L’internationale des coopératives
A la fin de XIXème siècle, l’idée de la coopérative est dans l’air de l’Europe industrielle, comme ne manque pas de le souligner l’auteur, à travers plusieurs exemples choisis (Rochedale dans le Comté de Manchester, Raiffeisen et sa société de secours aux agriculteurs impécunieux en Allemagne, ou encore les paysans danois de Hjelling…). Pour autant, l’idée de coopération n’est pas démodée, en ce début de XXIème siècle. « Je suis convaincu que le modèle coopératif est pertinent pour répondre aux grands enjeux collectifs auxquels l’Humanité fait face : la préservation de l’environnement, la santé, la démocratie… » poursuit Roland Bauley. Et de citer quelques exemples d’initiatives coopératives bienvenues, comme dans le domaine des circuits courts. « En cette aube du XXIième siècle, des SCOP innovantes voient le jour. Je pense par exemple aux coopératives cyclo-logistiques, nées autour de 2016 pour faire face aux plates-formes concurrentes de livraisons à domicile, en limitant les solutions bruyantes et polluantes : Olivo, CoopCycle, les Coursiers Stéphanois. » Plus pointus, le secteur de l’intelligence artificielle et celui de la cyber-sécurité font aussi l’objet d’initiatives inspirées du monde coopératif, telles ces coopératives numériques, qui mutualisent leurs ressources, ou l’ULTS (Uralungal Technology Services), né dans l’Etat du Kérala en Inde.

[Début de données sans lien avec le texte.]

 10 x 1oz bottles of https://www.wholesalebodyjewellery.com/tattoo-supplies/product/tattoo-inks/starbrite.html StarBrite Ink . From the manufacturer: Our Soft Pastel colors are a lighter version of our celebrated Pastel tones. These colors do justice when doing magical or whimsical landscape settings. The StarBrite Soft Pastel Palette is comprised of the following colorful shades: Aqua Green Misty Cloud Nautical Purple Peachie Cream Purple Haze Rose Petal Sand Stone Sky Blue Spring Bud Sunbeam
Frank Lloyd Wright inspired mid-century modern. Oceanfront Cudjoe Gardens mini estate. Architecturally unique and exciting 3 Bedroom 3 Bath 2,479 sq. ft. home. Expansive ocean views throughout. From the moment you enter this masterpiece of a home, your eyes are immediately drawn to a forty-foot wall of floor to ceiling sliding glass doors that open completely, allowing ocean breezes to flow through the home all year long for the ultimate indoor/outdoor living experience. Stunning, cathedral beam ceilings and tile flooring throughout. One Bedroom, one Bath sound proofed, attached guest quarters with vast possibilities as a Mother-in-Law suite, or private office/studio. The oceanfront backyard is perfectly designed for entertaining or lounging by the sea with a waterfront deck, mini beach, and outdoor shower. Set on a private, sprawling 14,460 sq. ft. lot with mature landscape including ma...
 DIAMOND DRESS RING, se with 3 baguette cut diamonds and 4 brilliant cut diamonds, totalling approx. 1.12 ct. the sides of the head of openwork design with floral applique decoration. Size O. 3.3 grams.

Bien que fervent défenseur du modèle coopératif, Roland Bauley n’ignore pas les dérives qui ont pu ternir son image. La crise financière systémique de 2007 avait par exemple mis en évidence choix douteux et peu éthiques du Crédit agricole en matière d’investissement : c’était la banque française la plus exposée dans les subprimes* ! Les producteurs laitiers collectés par Soodial savent bien que coopération ne rime pas forcément avec juste rémunération, car la première coopérative laitière de France est bien souvent la moins disante en matière de prix du lait… « Il est clair que certaines coopératives ont dérivé de leur esprit initial, pour devenir, via la création de filiales, des groupes capitalistiques qui se comportent comme leurs concurrents privés, pour être présents sur les marchés mondiaux, reconnaît Roland Bauley. Néanmoins je reste optimiste, c’est ma nature, et je suis convaincu que l’essence du modèle coopératif est bienfaisante, pour peu qu’on reste à une échelle locale, avec une gouvernance qui permette aux coopérateurs de participer à la prise de décisions. »

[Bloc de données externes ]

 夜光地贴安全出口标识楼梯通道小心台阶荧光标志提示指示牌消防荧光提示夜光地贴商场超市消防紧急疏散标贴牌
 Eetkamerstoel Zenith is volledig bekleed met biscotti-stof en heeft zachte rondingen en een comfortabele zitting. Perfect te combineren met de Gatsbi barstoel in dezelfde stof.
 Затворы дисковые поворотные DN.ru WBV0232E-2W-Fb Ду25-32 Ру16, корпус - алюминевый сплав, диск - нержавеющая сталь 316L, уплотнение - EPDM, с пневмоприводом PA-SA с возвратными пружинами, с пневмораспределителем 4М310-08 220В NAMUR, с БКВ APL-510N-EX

Subprimes : prêts immobiliers accordés par les banques à des Nord-Américains pauvres, peu fiables, qui ont fait l'objet de spéculations en cascade jusqu'à l'explosion de la bulle financière... et ont fini par le renflouement des banques privées par des fonds publics, en vertu du précepte "too big to fail" (trop gros pour s'effondrer).